Vencido pelo câncer ontem, aos 63 anos, dois anos após a descoberta de um tumor na cabeça, o médico Antônio Carlos Figueira virou, ainda garoto, um arraesista fervoroso, graças a influência do pai Fernando Figueira, fundador do Imip – o Instituto de Medicina que ganhou o seu nome. O velho Figueira tinha uma relação histórica e amizade sincera, como diz a canção de Renato Teixeira, com o ex-governador Miguel Arraes.
Ainda estudante de Medicina, Antônio Figueira viu Arraes voltar ao Governo de Pernambuco na histórica eleição de 1986, na qual o mito entrou pela porta que saiu do Palácio das Princesas, deposto pelo regime de exceção. Com o tempo, de tantas idas e vindas pelo Interior, acompanhando o então governador, se transformou numa espécie de assessor informal.
Leia maisMais tarde, veio a aproximação com Eduardo Campos, neto de Arraes, de quem aceitou convite para entrar na vida pública definitivamente. Deu sua contribuição na área de atuação, ocupando a Secretaria de Saúde em substituição ao ex-secretário João Lyra Neto, que implantou as Upas e Upaes. Eduardo cumpriu a promessa de abrir três novos hospitais, que passaram a ser geridos pelo Imip, numa parceria bem-sucedida.
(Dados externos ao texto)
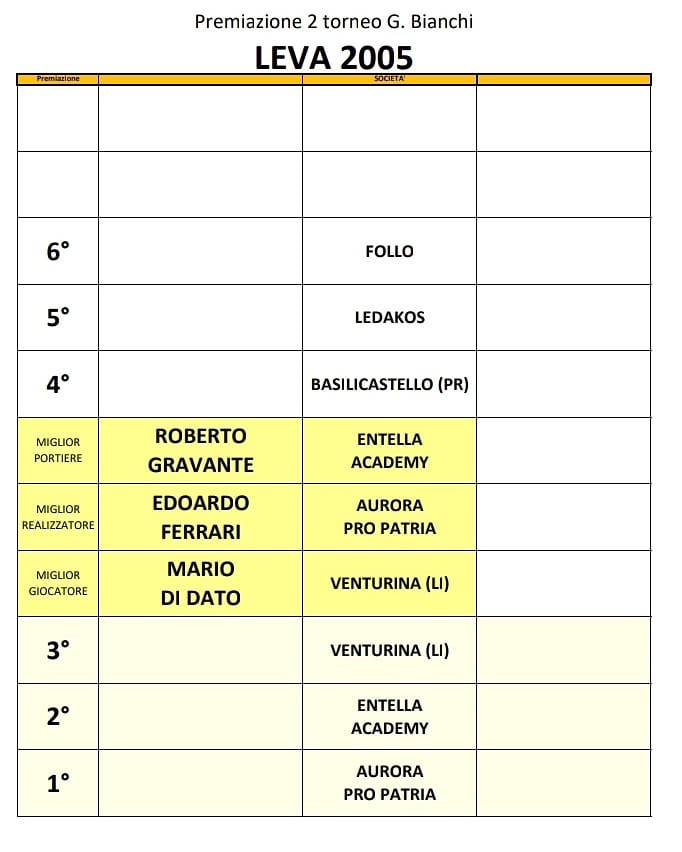 Leva 2005 Girone A : ENTELLA, LEDAKOS, VENTURINA, Girone B : FOLLO (SP), UPD BASILICASTELLO (PR), PRO PATRIA

Ao final da sua segunda gestão, Eduardo, já com o projeto de disputar a Presidência da República, queria um nome bem próximo a ele como candidato a governador. Chegou a cogitar a alternativa Figueira, mas este resistiu, como resistiu mais na frente quando lembrado também para ser candidato a senador e deputado federal.
Figueira gostou do poder, aliás, foi extremamente poderoso nas gestões do PSB, especialmente no primeiro ano de Paulo Câmara, quando assumiu a Secretaria da Casa Civil, mas nunca deixou ser picado pela Mosca Azul. Paulo Câmara governou a quatro mãos, pois Figueira exerceu em seu governo uma grande influência, tanto que era considerado uma espécie de primeiro-ministro. Prefeitos o saudavam assim, quando queriam ser agradáveis ao vice-rei.
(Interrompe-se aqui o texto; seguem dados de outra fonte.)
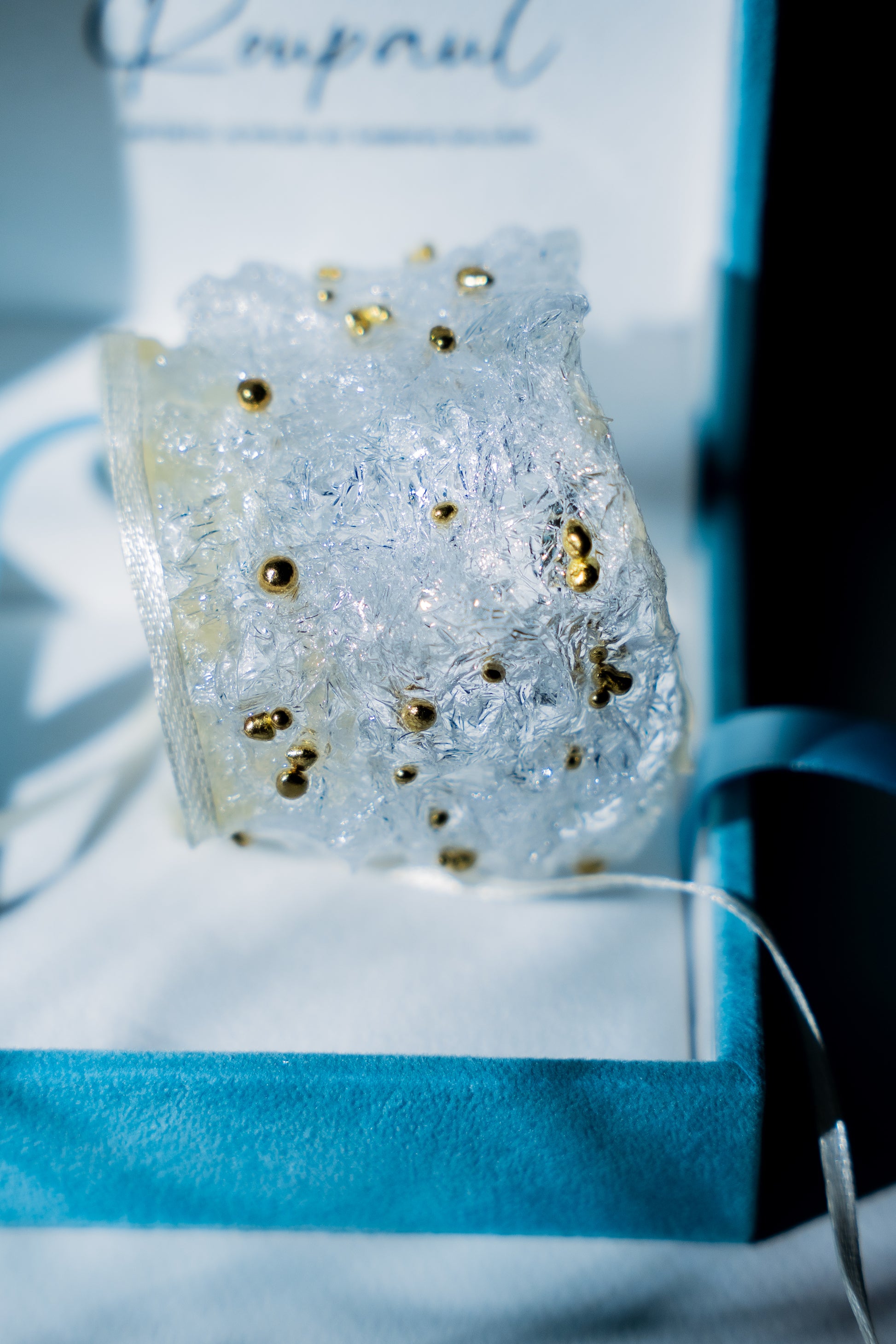 Bracciale realizzato interamente a mano, caratterizzato da trasparenze luminose effetto vetro che catturano la luce con estrema delicatezza.

O tempo, entretanto, se encarregou de fazer mudanças radicais na vida de Figueira. No segundo mandato de Paulo Câmara, por exemplo, se afastou da gestão para cuidar da implantação e consolidação da Faculdade de Medicina do Imip, seu xodó. Alguns desavisados interpretaram sua saída do governo como consequência de um estremecimento da sua relação com Paulo Câmara. Os mais próximos, entretanto, dizem que não houve absolutamente nenhum ruído.
O fato é que Figueira, considerado um excelente quadro técnico, profundo conhecedor da sua área, não revelava aptidão pela vida partidária. Alguns atribuem isso ao seu temperamento. Era duro no trato, embora cordial e sedutor como Eduardo. Tenho a impressão de que Figueira, com quem convivi de perto, incutiu a filosofia de que somente quem, frente a todas as dificuldades, pode dizer apesar de tudo, tem a vocação para a política.
A vocação dele era a de salvar vidas, como médico, igual ao pai, sua luz em vida, espelho eterno. Os bons filhos são o reflexo do que importaram do pai, porque um homem que faz coisas grandes é admirado. Como bom filho, Figueira tinha a exata noção do verdadeiro legado do pai, que assim ensinou: quando teus pais já não puderem mais te servir, seja um bom filho e retribua em dobro o que eles fizeram por ti.
Além de fazer do Imip uma chama acesa, Figueira foi um visionário que escapou da sedução da política. Teve a grande sacada de ir no embalo, driblando e contornando a vida da melhor forma possível. Morreu com a certeza de que não teríamos rosas lindas e perfumadas, se as roseiras não tivessem espinhos, vencidos por ele em sua brilhante trajetória como médico.